In this remarkable passage, redolent of later political theories, the Buddha sets forth the basic thesis of classic social democratic economics, in which the state supports agriculture, capital, and a well-paid bureaucracy. In other words, the state is responsible for maintaining the common infrastructure, which in turn supports the civil society that depends on it, the prosperity of the latter resulting from the actions of the former making the taxes that the state spends to maintain the infrastructure affordable. Elsewhere, the Buddha envisages democratic government and even kings abdicating their thrones and fortunes in favour of the people. The Buddha saw that a high-tax, law-and-order agenda would intensify the cycle of violence, culminating in social breakdown – an issue that we see in our own time. Ashoka put policies like this in place during the third century BCE. Ashoka’s benevolent public works included charitable hospitals, poverty relief, tree planting, travellers’ inns, parks and gardens, wells and tanks, clinics for birds and animals, and a ban on animal sacrifice. Clearly, humanity has not progressed much in 2,500 years, though much is always promised.

Having reformed his kingdom, Mahavijita reiterated his desire to perform a great sacrifice, so his chaplain, who is unnamed, gives him instructions to perform the sacrifice that are clearly allegorical. According to this allegory, the eight accessories for the sacrifice are the king’s birth, beauty (we might say “fitness”), wealth, power, generosity, knowledge of the mantras, linguistic skill, and his understanding of the workings of the law of karma. Similarly, the chaplain himself, being a Brahman, is well born, versed in the mantras, virtuous, and learned. One is reminded of the doctrine of the marks or characteristics of the great man. The three modes of the sacrifice are not to regret the cost of the sacrifice in the past, present, or future. The ten conditions refers to ten precepts, starting with the familiar five precepts of pansil, viz., not taking life, not taking what is not given, not indulging in sexual misconduct, not engaging in wrongful speech,  not coveting, not harbouring ill will, and not having wrong views.  By my count this is seven items, but possibly the text includes calumny, harsh, and frivolous speech as three additional items, making ten. The sutta makes these out to be sixteen, viz., the four assenting groups, the eight endowments attributed to King Mahavijita, and the four endowments of the chaplain – altogether sixteen, in three modes.

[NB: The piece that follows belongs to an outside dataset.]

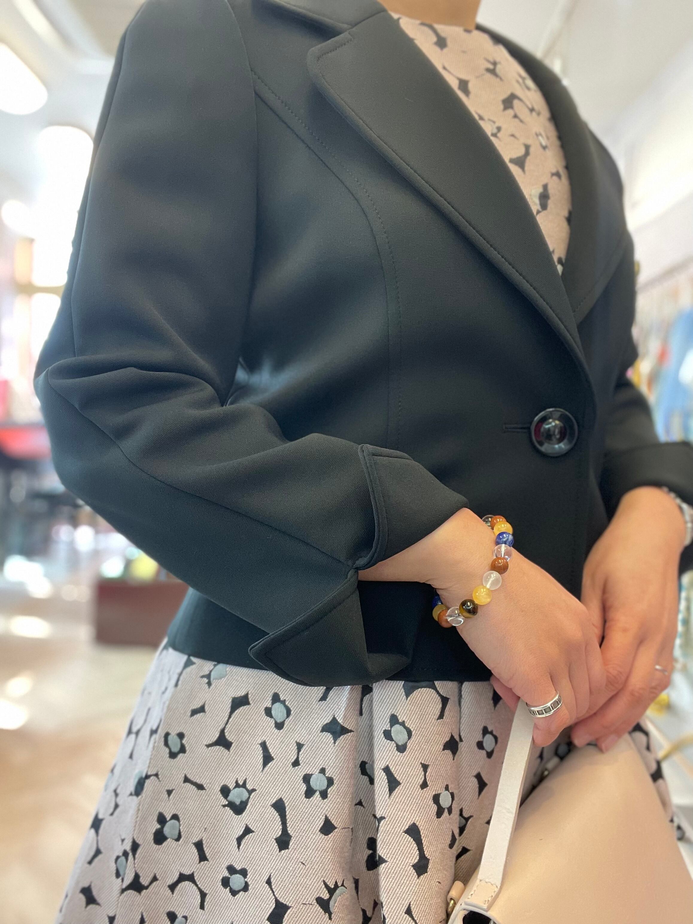 短めの丈がワンピースやスカート、ワイドパンツときれいに合います

Finally, the chaplain gives sixteen reasons why the sacrifice will be successful, including:

  1. Inviting the Kshatriya (Pali khattiya) caste;
  2. Inviting advisers, counsellors, Brahmans, and householders;
  3. Being well born on both sides; and
  4. His chaplain being well born.

Again, the numbering seems very strange. By my count this is four items, unless the sixteen reasons include the ten conditions and we divide the advisers and counsellors, Brahmans and householders, into two, and being well born by two (for both sides of the family), in which case we get sixteen, but that seems very far-fetched.

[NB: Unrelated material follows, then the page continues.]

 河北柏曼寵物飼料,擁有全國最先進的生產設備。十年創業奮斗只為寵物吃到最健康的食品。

Finally, the chaplain points out that the sacrifice was carried out with ghee, oil, butter, curds, honey, and molasses; no animals were slaughtered; no trees or plants were hurt; and no slaves or servants were required to do anything that they did not want to do.

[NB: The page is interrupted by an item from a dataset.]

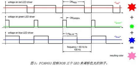 知道了混色的原理,那么一個具體的色彩又是如何產生的呢?我們知道人眼對色彩的感知是各種色彩亮度均值的疊加,我們可以通過控制PCA9633每個 PWM的占空比,去控制所驅動LED的亮度。根據三基色原理,如果我們驅動的是RGB(或者RGBA)LED,那么通過調節(jié)這三個LED的不同光亮,就可 以得到所要的色彩。圖3是PCA9633控制RGB三個LED來調粉色光的例子。

Kutadanta asks, “Why is this sacrifice better?” The Buddha points out that arhants and stream winners – those who have attained the arhant path – would not attend a sacrifice involving beatings and throttlings, but such would attend a sacrifice that does not involve killing living things, thus implicitly producing merit for the “sacrifice” by their presence.

The guests also brought funds to contribute to the ceremony, but the king rebuffed them, so they put their gifts to the east, south, west, and north of the sacrificial pit as offerings.

Esoteric BuddhismThis interpretation clearly establishes Buddhism as an esoteric tradition, from Greek esotero, “more within.” First used in English with reference to the Pythagorean doctrines, esotericism explores the hidden meanings and symbols in various philosophical, historical, and religious texts, especially texts that are central to mainstream religions. Thus, the esotericist finds “more within” the traditional religious texts. As we will see as we explore the suttas of the Pali Canon, this is exactly the method of the Buddha with respect to the mainstream practices of Brahmanism. He doesn’t’ merely reject Brahmanism. Rather, he finds an ethical and perhaps a spiritual meaning within Brahmanism that has been forgotten by the Brahmans themselves. Historically, we know that this “forgetting” characterized the late Vedic period, from about 1000–500 BCE, especially with regard to the nature of the soma sacrifice. I have discussed this in my talk on “The Status of Women in Ancient India and the Pali Tradition.”

Another meaning of “esoteric” is “for the few.” Thus, when the Buddha attained enlightenment in his 30s, at first he hesitated to teach, concerned that most people would be unable to comprehend his doctrine, but the Brahma Sahampati persuaded him to teach for the sake of the few. Thus Buddhism was an esoteric tradition from its inception.

Kutadanta, clearly impressed, asks the Buddha if there is another, simpler, more powerful practice – note the counterintuitive association of simplicity and power, which we also find in quantum physics, where the nuclear potential of a volume of matter is far greater than the mechanical potential of the same volume of matter, and that the energy of empty space (the so-called “vacuum energy”) is far greater than either of these. Just as this tells us that the materialistic understanding of nature is not accurate, so it says that the Brahmanic understanding of spirituality is not accurate. It is the interior, not the exterior, that is efficacious. It is not that ritual has no efficacy, which is a naïve misinterpretation of the Buddha’s view, but rather there is something else within ritual that is efficacious, just as there is something else within ethics that is efficacious, viz., intention. The Buddha responds by giving a list of seven progressively subtler and more powerful practices, viz., giving to virtuous ascetics; providing shelter for the sangha; going for refuge to the Buddha, Dharma, and Sangha; undertaking the five precepts; morality; the insights, and finally the cessation of the corruptions. Beyond that, the Buddha says, “there is nothing further in this world.” Note the qualification – he refers only to “this world,” he does not say that there is nothing further in another world: “beyond this there is no sacrifice that is greater and more perfect.” This may be read in two ways. Each of these things is a sacrifice in the pure sense of converting matter to energy in the service of a higher intention. This is a universal law of sacrifice that is the central principle of the science of spirituality.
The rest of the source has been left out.